◆ Action item:
Please copy all of the data that follows exactly, leaving any pictures out.

Items from a dataset:
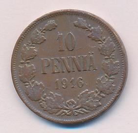 Лицевая сторона — вензель Александра II, оборотная — номинал (10 PENNIA) в венке из дубовых ветвей и дата. Нормативный вес — 12,80 грамма, гурт гладкий.
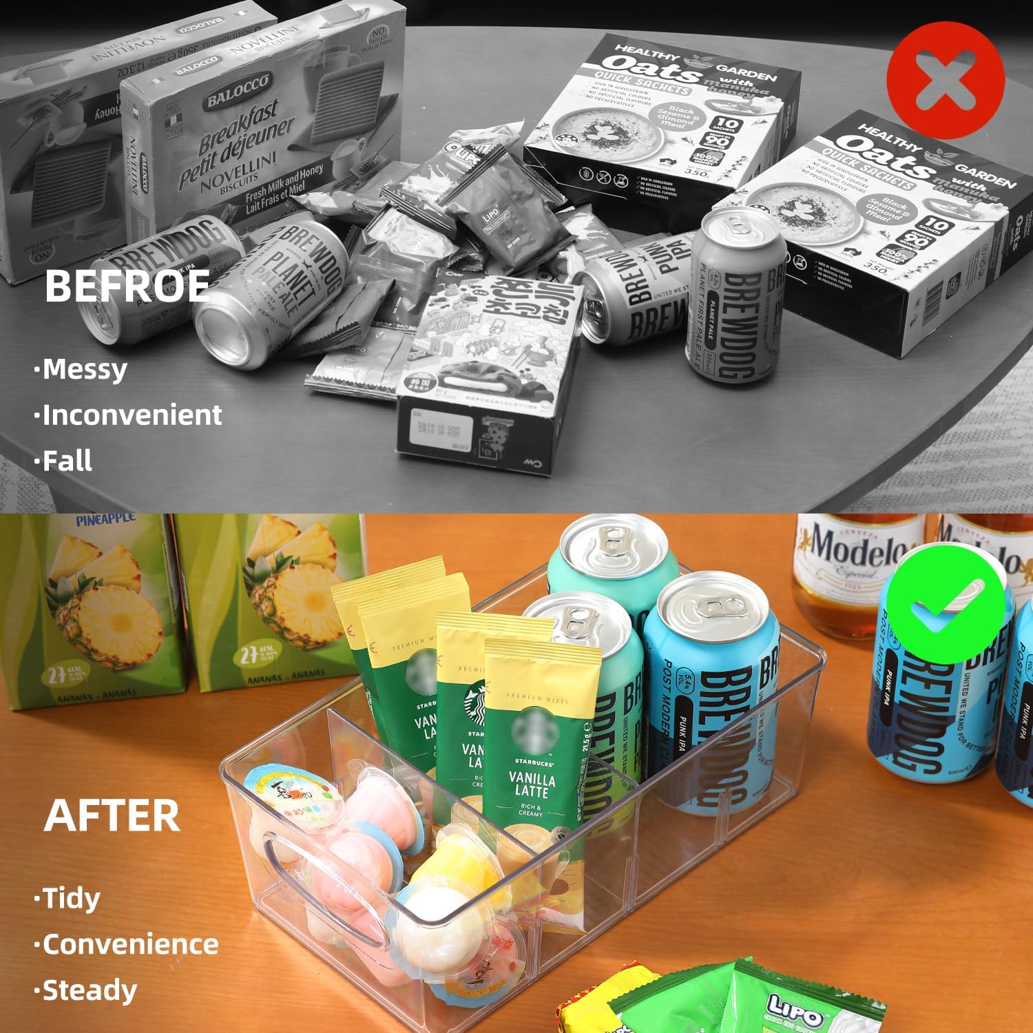 • Easy to Tidy: 4 spacious areas provide plenty of space to store, organize and separate tea bags, coffee bags, fruit, office supplies, pepper packs, canned drinks, cosmetics, lipsticks, and other needs, Each food storage tissue box has 3 removable partitions to easily separate and organize your items
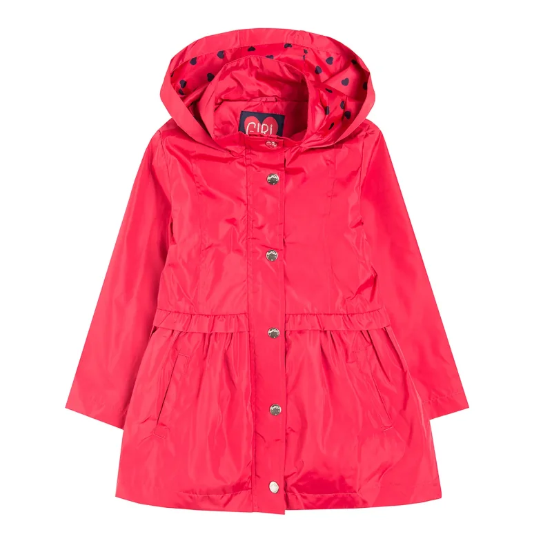 Elegancki płaszcz w kolorze soczystej czerwieni przyciąga wzrok i zachwyca głębią swego koloru! Płaszcz doskonały na co dzień oraz na wyjątkowe wyjścia. Każda dziewczynka wyglądać w nim będzie modnie i stylowo. Płaszcz posiada wodoodporną powłokę oraz kaptur zapewniający doskonałą ochronę przed wiatrem i wilgocią.
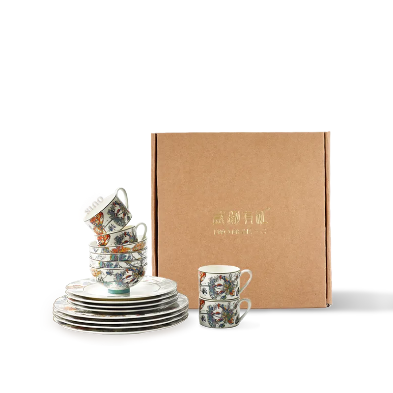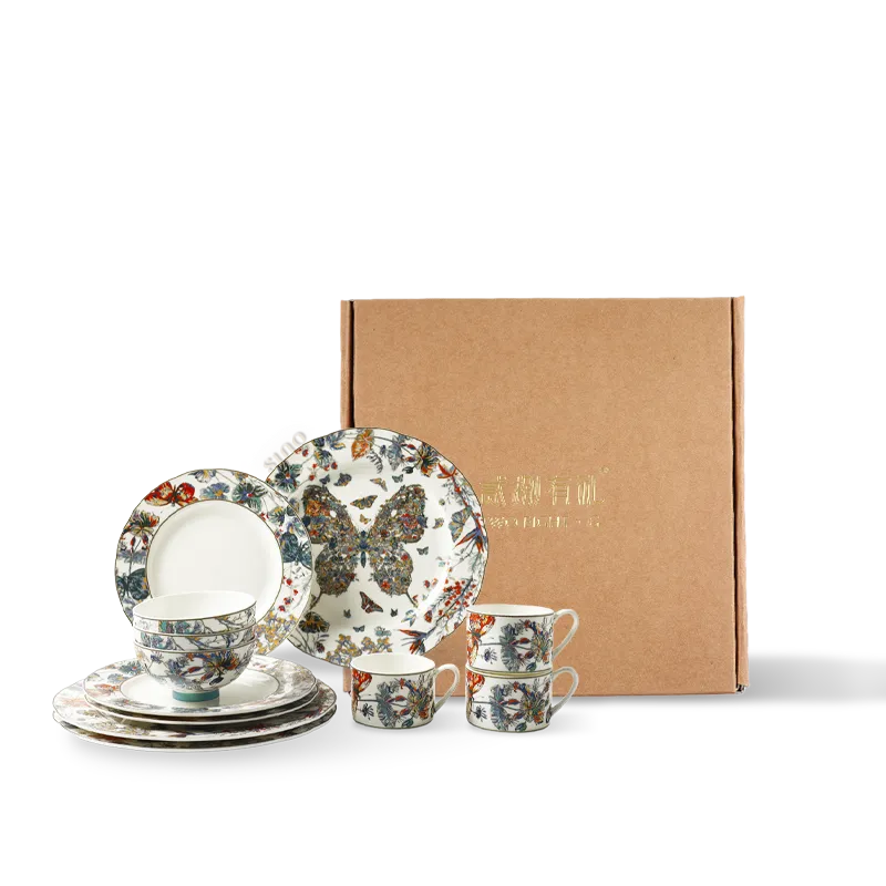 12 Pieces Luxury Chinoiserie Bone China Dinnerware Set – Butterfly & Floral Motif
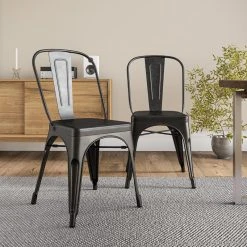 Belleze Trattoria Dining Chair, Metal, Stackable, Set Of 4, Black
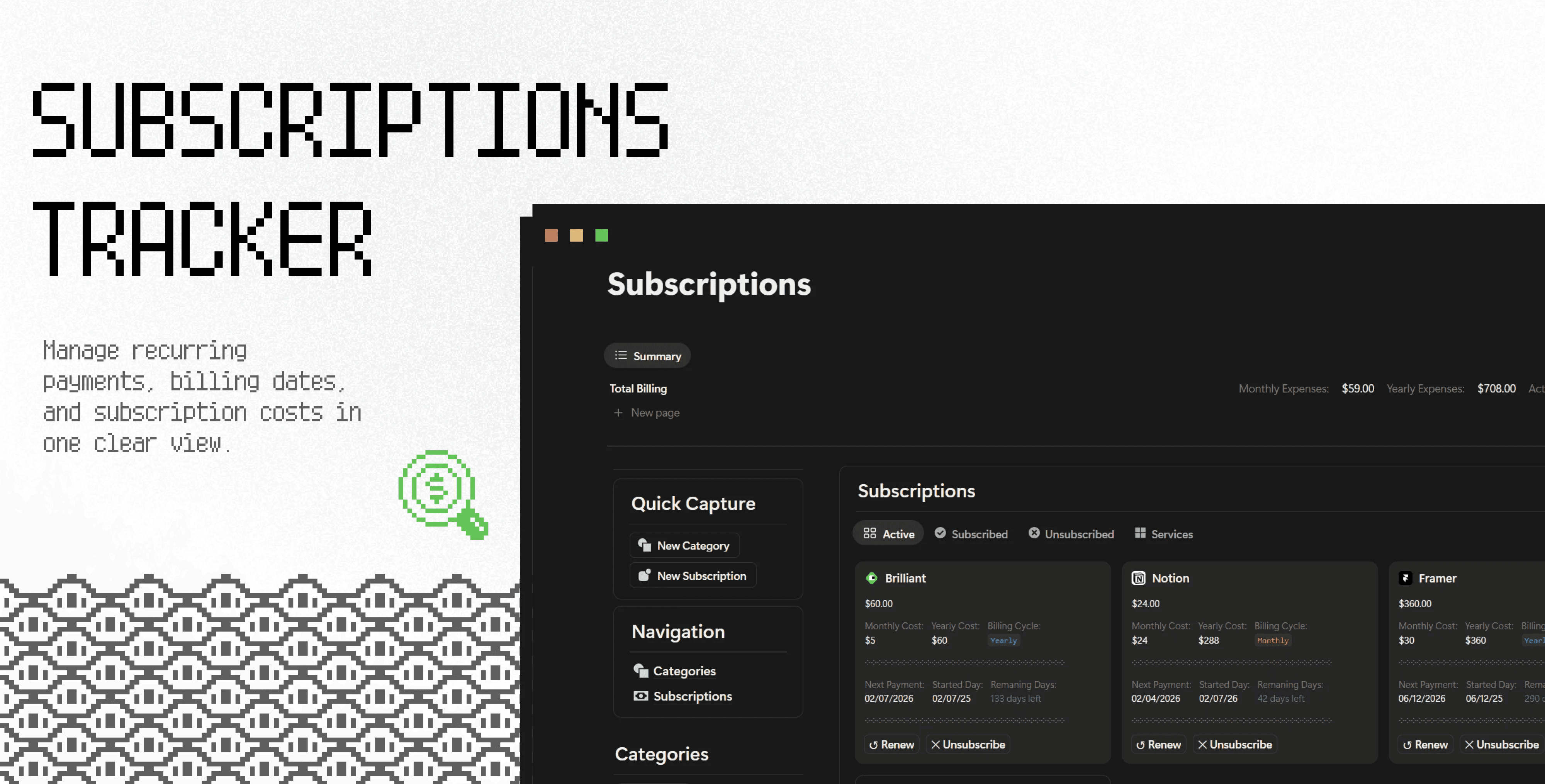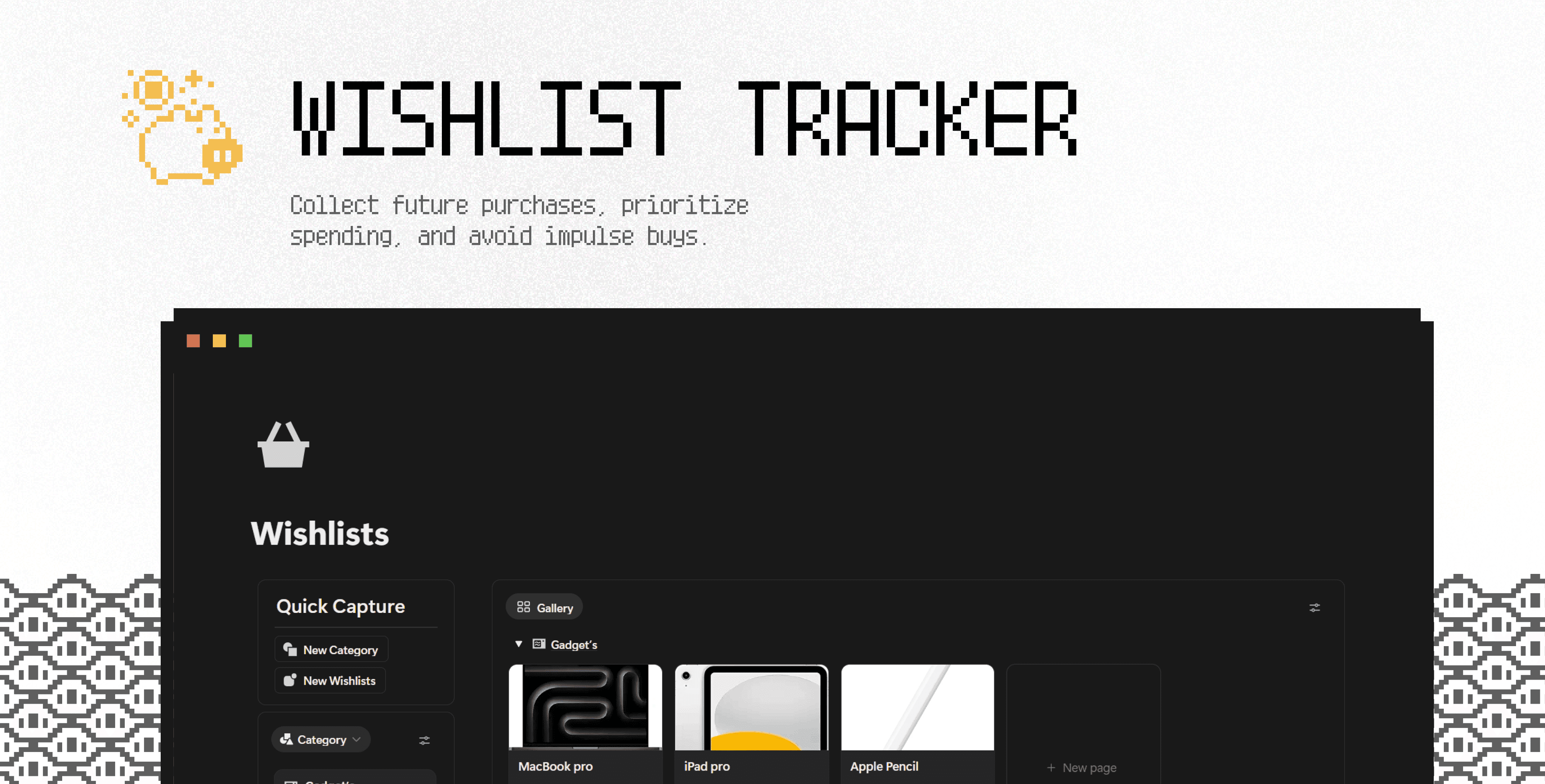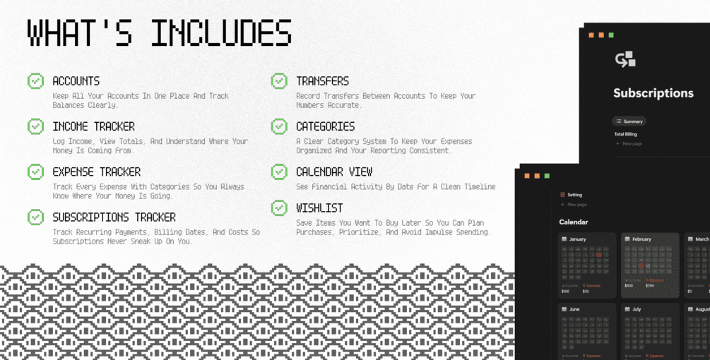 Finance Tracker is a complete Notion system for managing personal finances with clarity and control. Track income, expenses, transfers, and balances across multiple accounts while reviewing your finances through monthly and calendar views. Built-in subscription and wishlist tools help you plan ahead and avoid impulse spending.
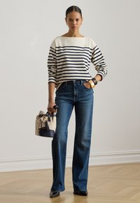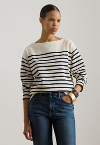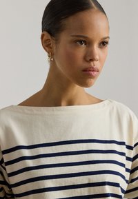 STRIPED JERSEY BOATNECK TOP - Majica z dolgimi rokavi - mascarpone cream/refined navy
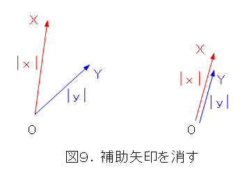 図8から、式(15)が成り立つのは、点O、X、Yが同一直線上にあるときだとわかります。しかし、和は、見た瞬間にわかるものではなく、作図しないとどこだかわかりませんね。
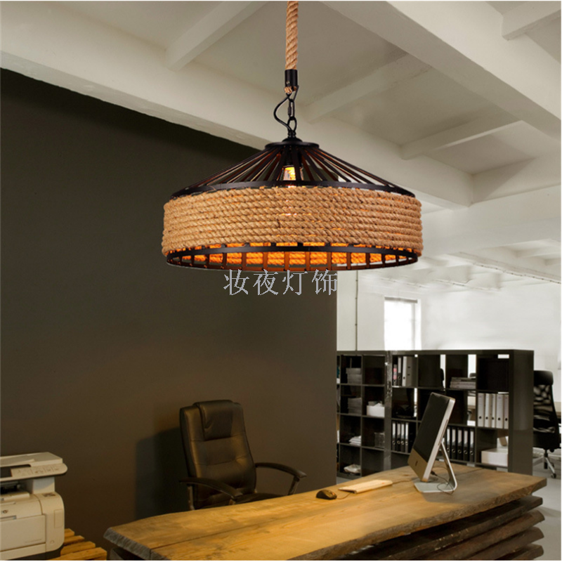 麻绳吊灯创意个性复古服装店铺灯餐厅大灯具理发店LED商用吊灯

◆ Answer area:
 Лицевая сторона — вензель Александра II, оборотная — номинал (10 PENNIA) в венке из дубовых ветвей и дата. Нормативный вес — 12,80 грамма, гурт гладкий.
 • Easy to Tidy: 4 spacious areas provide plenty of space to store, organize and separate tea bags, coffee bags, fruit, office supplies, pepper packs, canned drinks, cosmetics, lipsticks, and other needs, Each food storage tissue box has 3 removable partitions to easily separate and organize your items
 Elegancki płaszcz w kolorze soczystej czerwieni przyciąga wzrok i zachwyca głębią swego koloru! Płaszcz doskonały na co dzień oraz na wyjątkowe wyjścia. Każda dziewczynka wyglądać w nim będzie modnie i stylowo. Płaszcz posiada wodoodporną powłokę oraz kaptur zapewniający doskonałą ochronę przed wiatrem i wilgocią.
 12 Pieces Luxury Chinoiserie Bone China Dinnerware Set – Butterfly & Floral Motif
 Belleze Trattoria Dining Chair, Metal, Stackable, Set Of 4, Black
 Finance Tracker is a complete Notion system for managing personal finances with clarity and control. Track income, expenses, transfers, and balances across multiple accounts while reviewing your finances through monthly and calendar views. Built-in subscription and wishlist tools help you plan ahead and avoid impulse spending.
 STRIPED JERSEY BOATNECK TOP - Majica z dolgimi rokavi - mascarpone cream/refined navy
 図8から、式(15)が成り立つのは、点O、X、Yが同一直線上にあるときだとわかります。しかし、和は、見た瞬間にわかるものではなく、作図しないとどこだかわかりませんね。
 麻绳吊灯创意个性复古服装店铺灯餐厅大灯具理发店LED商用吊灯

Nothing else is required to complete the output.